Thank you. And our next question comes from Jim Suva from Citi. Please go ahead.

James D. Suva - Citigroup Global Markets, Inc.

Analyst

Thank you. When we think about your new business line, is there a reason why one should not think about (55:30- 56:10). Dean A. Foate - Chairman, President & Chief Executive Officer: Thanks, Jim. It sounds to us like you maybe on a mobile device or something because we're having a little bit difficult time completely piecing together your questions. So I'm going to try to interpolate between the various. What I think I heard – I think you were asking about our 12% kind of enduring growth rate, the target that we have of 25% of trailing four quarter revenues as being the target to support the 12% goal. And excuse me if I'm not getting your question right. But I think that throughout the year now, for the past couple of years, we've done a pretty good job staying meaningfully above that 25% goal. If you look at this year, I mean we're all sitting here disappointed kind of how this has unfolded. We're still going to grow for the full year now. It looks like just shy of that 12% enduring goal. So the arithmetic in terms of our win rate and driving growth near 12%, I think, holds up. And, in fact, all of our sectors are growing in fiscal 2015. So I think we feel good about the growth. It's not – we felt we were going to be well above 12%. The difficulty is that the cost structure was out in front of 12% – the cost structure was starting to come in for higher levels of growth. And, of course, we also just have some couple of facilities here that are putting a meaningful drag on our near-term results that we just have been frankly struggling to get them course corrected and we will get them course corrected. But we've clearly struggled and so we haven't gotten the operating leverage and the EPS growth this year that we ought to be getting. And so, generally speaking, I think that we still got the right model. I think we still got the right go-to-market strategy. We're winning the new customers, winning the programs. This isn't – our issues aren't related specifically to pricing in the marketplaces or in the industry of collapsing. Just our ability to generate profit is about us getting a couple of facilities course corrected and getting the growth into the new sites that we've invested in.

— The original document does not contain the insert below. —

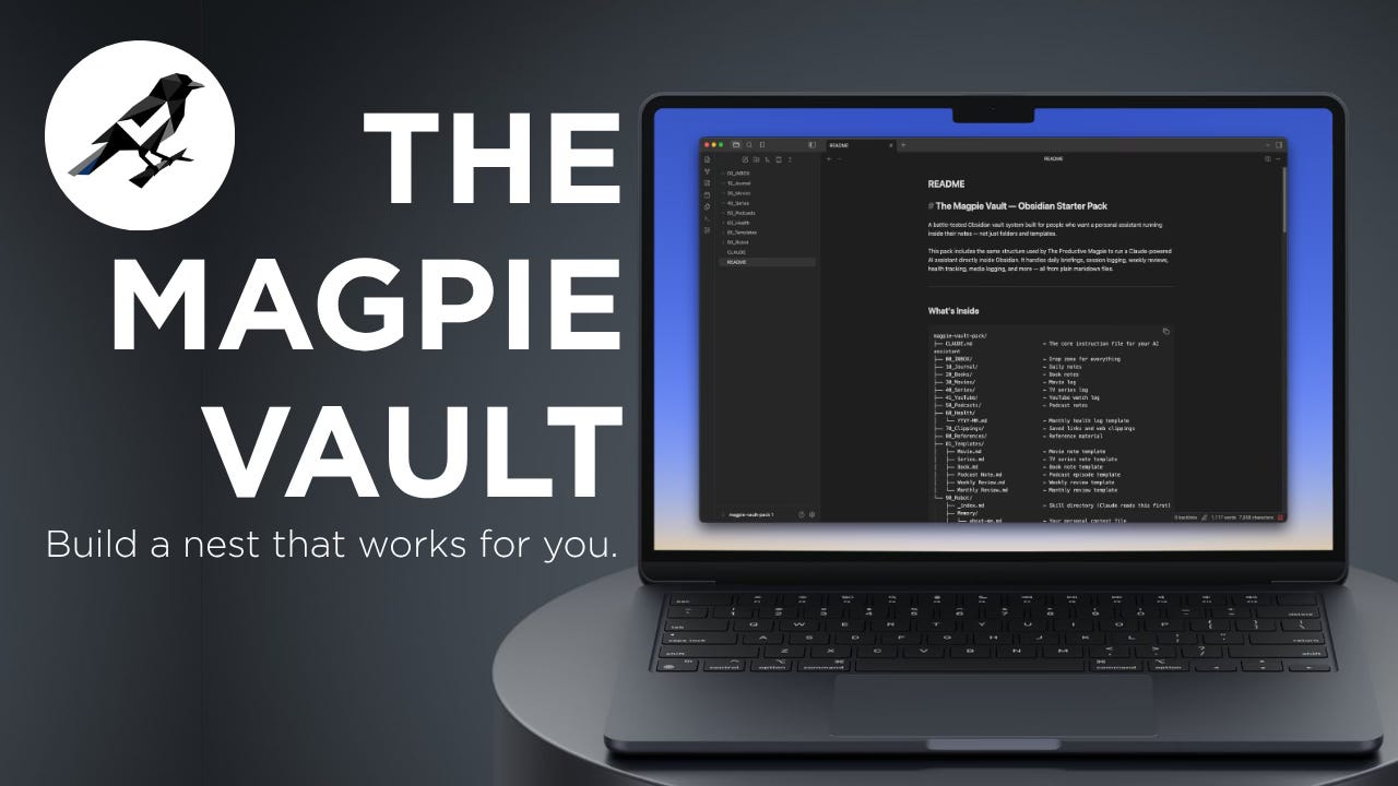 The Magpie Vault is an Obsidian starter pack built around this exact setup. It includes:

James D. Suva - Citigroup Global Markets, Inc.

Analyst

Thank you very much. Dean A. Foate - Chairman, President & Chief Executive Officer: Thank you, Jim.

Operator

Operator

Thank you. And at this time, I'm showing no further questions. Dean A. Foate - Chairman, President & Chief Executive Officer: All right. Well, clearly, this isn't the outcome that we had expected. We expected just a quarter ago to have a much stronger result. We take our responsibility and our commitments to deliver numbers in our guidance range very seriously. Over the past 10 years, 12 years, this is the only second time we've missed on our EPS guidance range. And we're quite embarrassed by that. And we're even more disappointed here with what the outlook here in the near-term on Q4. And so, again, we appreciate the questions from the sell-side and we certainly appreciate the support that we've had from our shareholders. And we feel a sense of urgency to get the margin performance back where it needs to be and then get reacceleration of top line growth here as fiscal 2016 unfolds. So, thanks very much. And I hope all of you have a pleasant day.

Operator

Operator

Thank you. And thank you, ladies and gentlemen. This concludes today's conference. Thank you for participating. You may now disconnect.